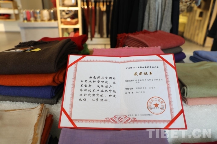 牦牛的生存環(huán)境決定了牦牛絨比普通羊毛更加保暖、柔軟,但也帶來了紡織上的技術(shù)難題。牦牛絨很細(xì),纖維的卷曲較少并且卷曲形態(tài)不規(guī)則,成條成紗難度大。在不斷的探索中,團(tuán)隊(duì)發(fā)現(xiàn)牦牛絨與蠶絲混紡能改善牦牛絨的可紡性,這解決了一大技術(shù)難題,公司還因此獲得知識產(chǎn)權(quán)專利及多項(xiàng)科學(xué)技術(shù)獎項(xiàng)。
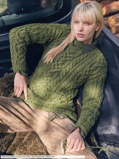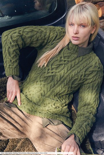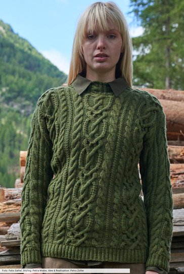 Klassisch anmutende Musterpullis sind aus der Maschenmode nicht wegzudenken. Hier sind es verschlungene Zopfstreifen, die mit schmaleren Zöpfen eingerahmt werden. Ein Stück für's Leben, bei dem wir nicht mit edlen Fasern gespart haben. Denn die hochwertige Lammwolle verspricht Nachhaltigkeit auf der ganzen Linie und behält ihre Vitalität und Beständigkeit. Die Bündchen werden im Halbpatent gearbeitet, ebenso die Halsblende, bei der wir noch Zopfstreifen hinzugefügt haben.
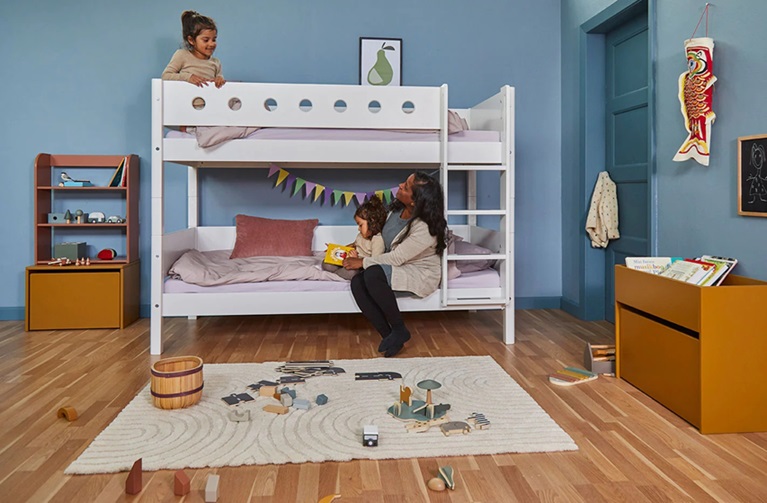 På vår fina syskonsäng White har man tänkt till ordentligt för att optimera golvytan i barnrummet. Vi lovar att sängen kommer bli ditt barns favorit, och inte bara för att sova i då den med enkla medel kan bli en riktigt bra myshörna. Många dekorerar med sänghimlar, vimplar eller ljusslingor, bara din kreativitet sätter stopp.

## Aim of the exercise
Repeat the data above exactly, images excluded.

## Task solution
 牦牛的生存環(huán)境決定了牦牛絨比普通羊毛更加保暖、柔軟,但也帶來了紡織上的技術(shù)難題。牦牛絨很細(xì),纖維的卷曲較少并且卷曲形態(tài)不規(guī)則,成條成紗難度大。在不斷的探索中,團(tuán)隊(duì)發(fā)現(xiàn)牦牛絨與蠶絲混紡能改善牦牛絨的可紡性,這解決了一大技術(shù)難題,公司還因此獲得知識產(chǎn)權(quán)專利及多項(xiàng)科學(xué)技術(shù)獎項(xiàng)。
 Klassisch anmutende Musterpullis sind aus der Maschenmode nicht wegzudenken. Hier sind es verschlungene Zopfstreifen, die mit schmaleren Zöpfen eingerahmt werden. Ein Stück für's Leben, bei dem wir nicht mit edlen Fasern gespart haben. Denn die hochwertige Lammwolle verspricht Nachhaltigkeit auf der ganzen Linie und behält ihre Vitalität und Beständigkeit. Die Bündchen werden im Halbpatent gearbeitet, ebenso die Halsblende, bei der wir noch Zopfstreifen hinzugefügt haben.
 På vår fina syskonsäng White har man tänkt till ordentligt för att optimera golvytan i barnrummet. Vi lovar att sängen kommer bli ditt barns favorit, och inte bara för att sova i då den med enkla medel kan bli en riktigt bra myshörna. Många dekorerar med sänghimlar, vimplar eller ljusslingor, bara din kreativitet sätter stopp.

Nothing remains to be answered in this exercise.